» Data excerpts
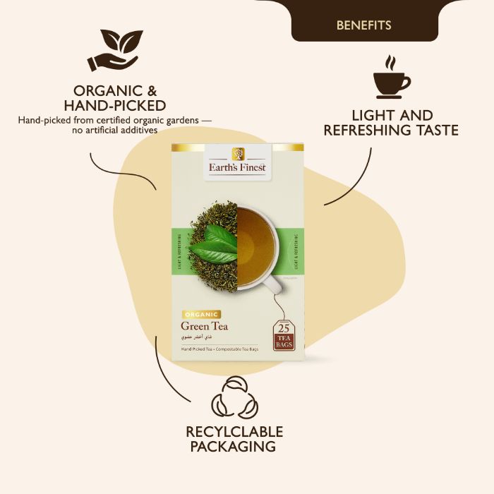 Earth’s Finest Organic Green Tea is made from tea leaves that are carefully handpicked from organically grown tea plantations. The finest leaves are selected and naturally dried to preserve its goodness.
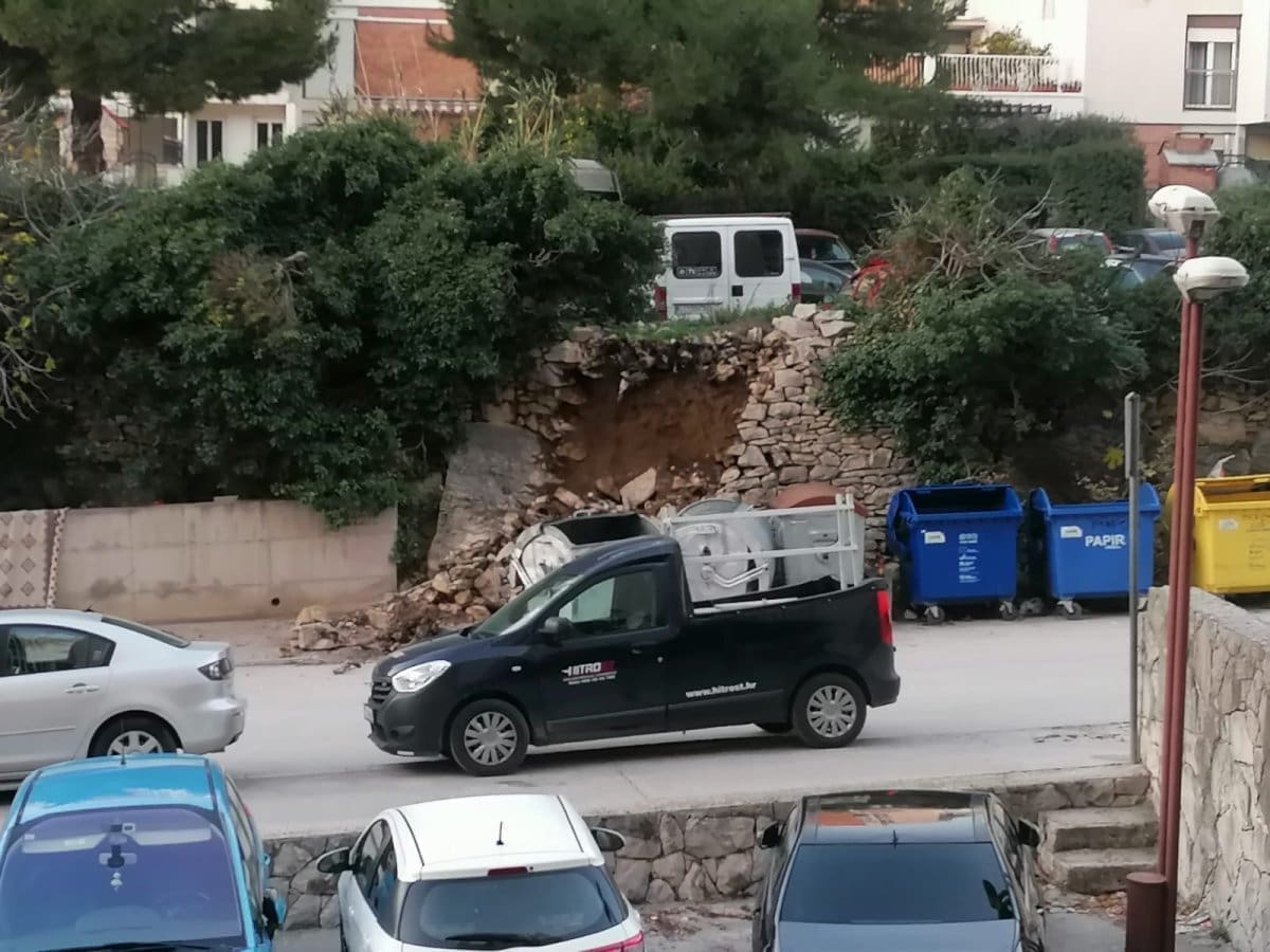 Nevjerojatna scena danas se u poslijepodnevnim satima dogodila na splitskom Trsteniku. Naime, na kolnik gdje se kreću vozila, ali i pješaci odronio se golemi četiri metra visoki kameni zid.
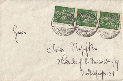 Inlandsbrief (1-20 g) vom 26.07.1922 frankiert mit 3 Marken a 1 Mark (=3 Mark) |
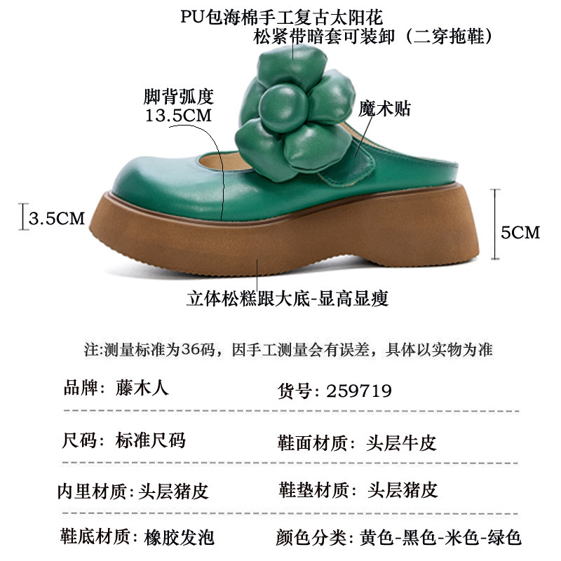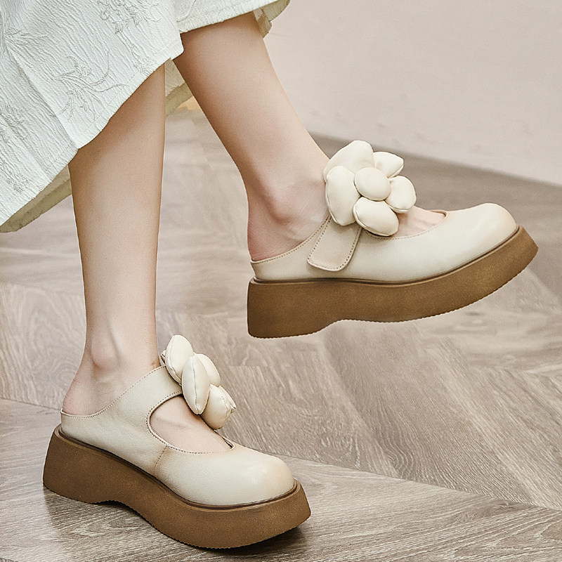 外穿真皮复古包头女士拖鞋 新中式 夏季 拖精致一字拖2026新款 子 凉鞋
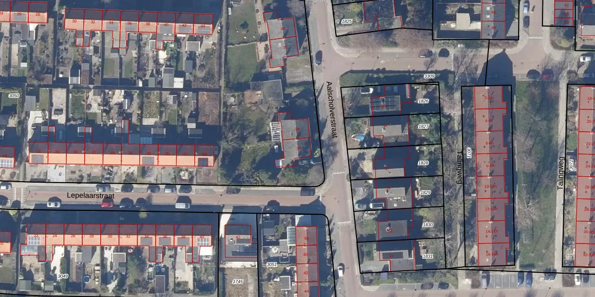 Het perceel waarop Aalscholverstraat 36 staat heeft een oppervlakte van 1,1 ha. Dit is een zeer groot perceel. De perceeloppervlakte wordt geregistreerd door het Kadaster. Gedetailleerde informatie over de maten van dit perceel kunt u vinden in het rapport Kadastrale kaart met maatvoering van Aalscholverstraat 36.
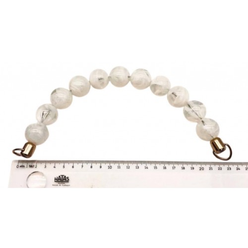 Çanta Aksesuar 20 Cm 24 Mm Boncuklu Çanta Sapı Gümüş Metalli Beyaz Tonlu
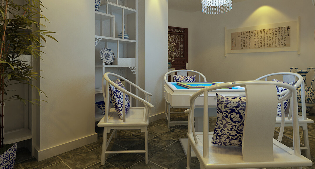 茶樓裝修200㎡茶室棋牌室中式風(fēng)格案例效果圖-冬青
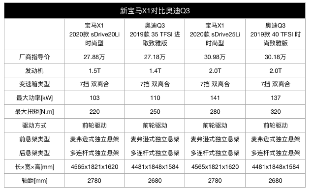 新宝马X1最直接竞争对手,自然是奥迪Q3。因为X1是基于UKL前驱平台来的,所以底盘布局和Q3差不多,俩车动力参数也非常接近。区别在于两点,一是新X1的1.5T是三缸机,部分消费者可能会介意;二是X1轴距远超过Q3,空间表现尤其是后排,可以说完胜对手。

* * *

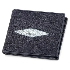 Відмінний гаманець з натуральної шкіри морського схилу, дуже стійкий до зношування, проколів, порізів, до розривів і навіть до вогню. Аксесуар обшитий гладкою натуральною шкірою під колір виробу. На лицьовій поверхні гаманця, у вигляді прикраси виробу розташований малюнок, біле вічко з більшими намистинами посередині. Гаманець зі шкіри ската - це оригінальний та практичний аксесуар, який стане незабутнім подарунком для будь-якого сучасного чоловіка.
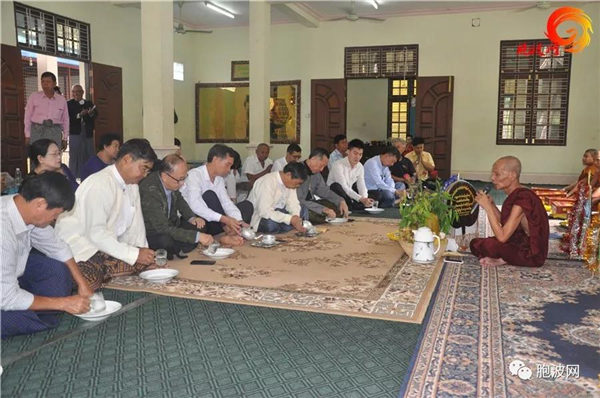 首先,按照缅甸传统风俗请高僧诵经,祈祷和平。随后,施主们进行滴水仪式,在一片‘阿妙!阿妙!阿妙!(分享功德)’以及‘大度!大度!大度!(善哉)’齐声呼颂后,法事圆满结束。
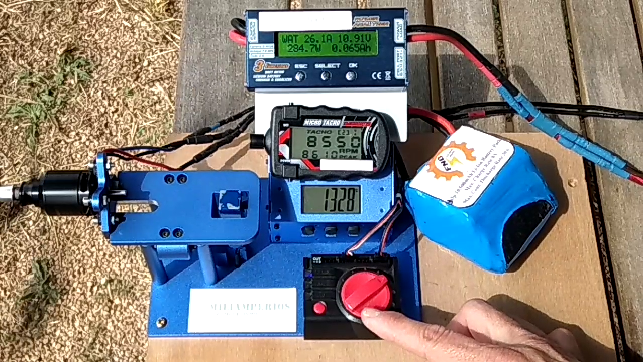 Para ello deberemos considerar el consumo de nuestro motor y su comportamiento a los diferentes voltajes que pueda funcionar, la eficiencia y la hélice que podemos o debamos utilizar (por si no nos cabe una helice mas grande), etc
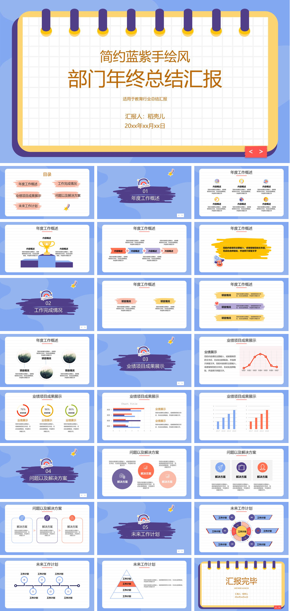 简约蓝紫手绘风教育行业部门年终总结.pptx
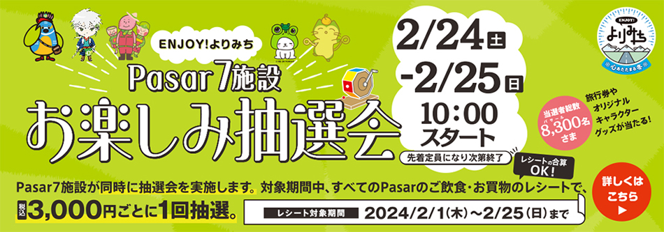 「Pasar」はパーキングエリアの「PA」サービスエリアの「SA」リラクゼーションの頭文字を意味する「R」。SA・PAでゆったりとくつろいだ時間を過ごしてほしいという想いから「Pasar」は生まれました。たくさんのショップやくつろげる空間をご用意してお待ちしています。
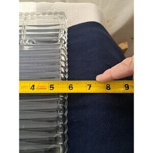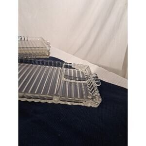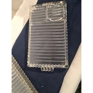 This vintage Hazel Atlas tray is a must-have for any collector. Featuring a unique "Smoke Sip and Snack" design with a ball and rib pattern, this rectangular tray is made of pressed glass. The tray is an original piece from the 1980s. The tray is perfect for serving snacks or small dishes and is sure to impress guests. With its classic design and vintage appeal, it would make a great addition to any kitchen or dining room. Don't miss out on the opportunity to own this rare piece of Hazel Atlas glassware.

* * *

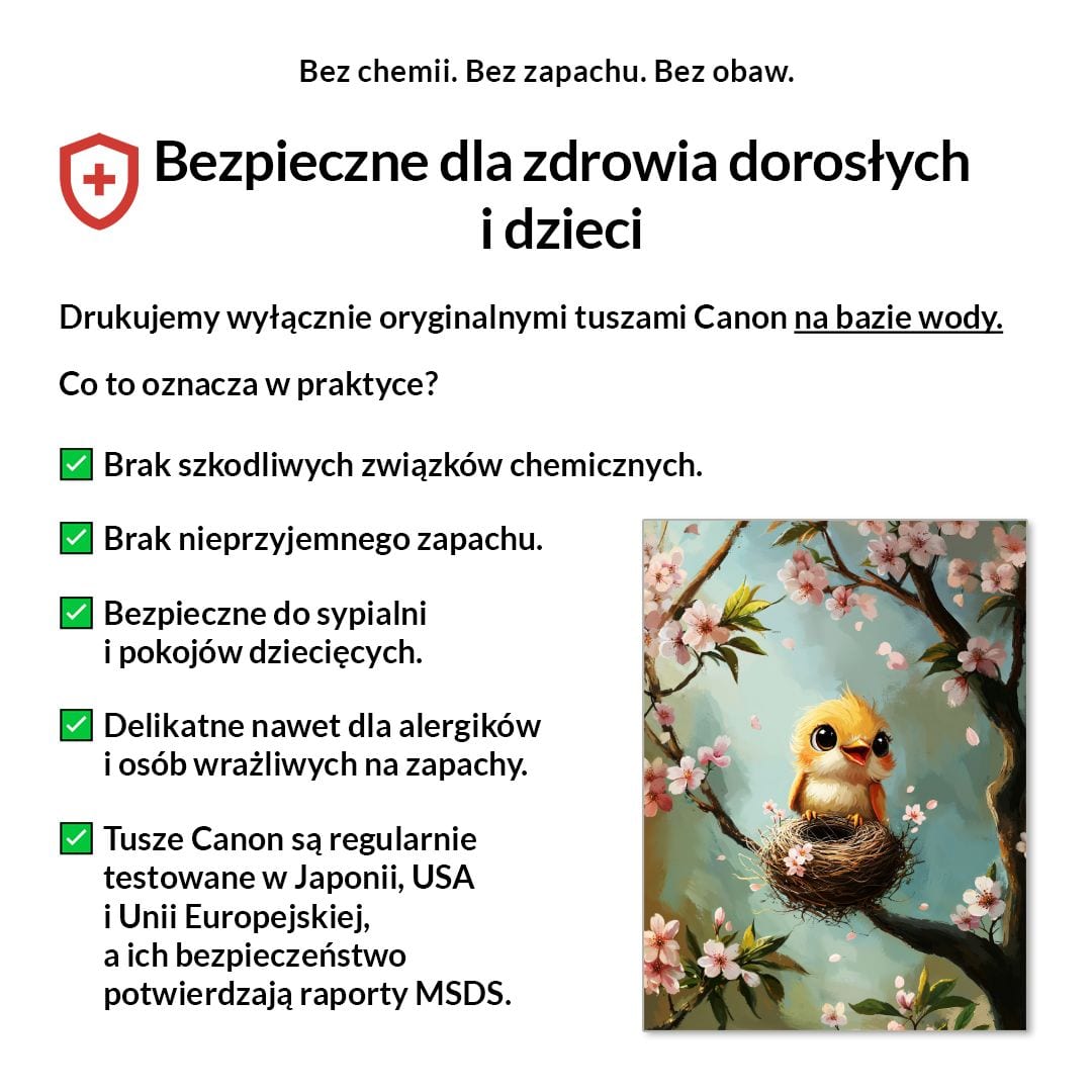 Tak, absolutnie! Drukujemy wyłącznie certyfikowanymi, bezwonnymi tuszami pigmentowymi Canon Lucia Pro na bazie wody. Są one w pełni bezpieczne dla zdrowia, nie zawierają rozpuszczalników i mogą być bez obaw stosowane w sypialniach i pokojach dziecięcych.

» Work required
Output only the lines above from the one containing "Inlandsbrief (1-20 g)" to the one containing "外穿真皮复古包头女士拖鞋 新中式 夏季 拖精致一字拖2026新款 子 凉鞋", both included, exactly as written and with no pictures.

» Answer
 Inlandsbrief (1-20 g) vom 26.07.1922 frankiert mit 3 Marken a 1 Mark (=3 Mark) |
 外穿真皮复古包头女士拖鞋 新中式 夏季 拖精致一字拖2026新款 子 凉鞋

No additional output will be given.